И все годы, пока она, одинокая, ходила к нему, беззаветно целовала его, курила эти свои едкие ароматные сигареты, и болтала суеверные глупости, и иногда бунтовала, зло и обидчиво плакала, и он пропускал все мимо ушей, — завороженная фигурка молча стояла в шкафу за стеклом, понурив голову, как бы застыв в своей терпеливой глиняной думе, а он так привык к ней, что никогда и не замечал.
И вот теперь, когда она ушла к другому, маленькая глиняная лошадочка вдруг ожила.

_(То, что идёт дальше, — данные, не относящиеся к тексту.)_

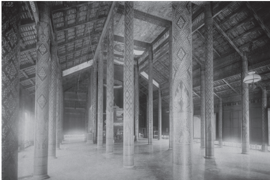
Fig. 25. Sithor Kandal, Prei Vèng, Vat Moha Léap, laque et or sur les colonnes, 1929 [MNC 140.4]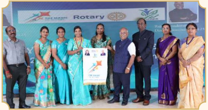
Rotary Club of Dindigul Queen City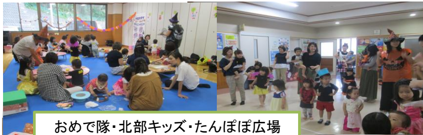
おめで隊・北部キッズ・たんぽぽ広場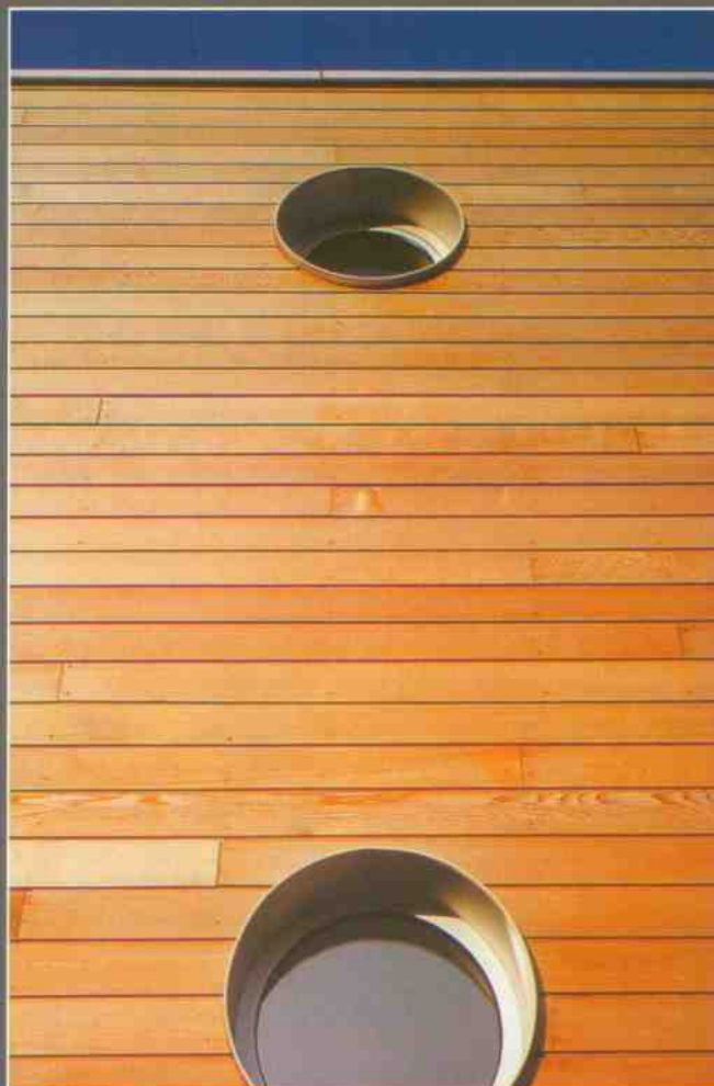
Silverwood Classic - Mélèze - Oural

Сегодня, когда он встал, она вроде кивнула чуть приметно, а потом ему все казалось, что она зовет его, и стало так тоскливо, безвоздушно, что он задвинул ее за книги, чтобы не видеть ее и не думать о той. Но все равно и после этого он все время чувствовал ее, будто в темноте она ждала его, и тогда он взял ее в руки и впервые разглядел, и увидел, что у нее зеленые глаза и голубая сбруя, и есть грива и хвост, и, наверное, есть и свой норов, свое мнение обо всем, только она молчит, она всегда молчит.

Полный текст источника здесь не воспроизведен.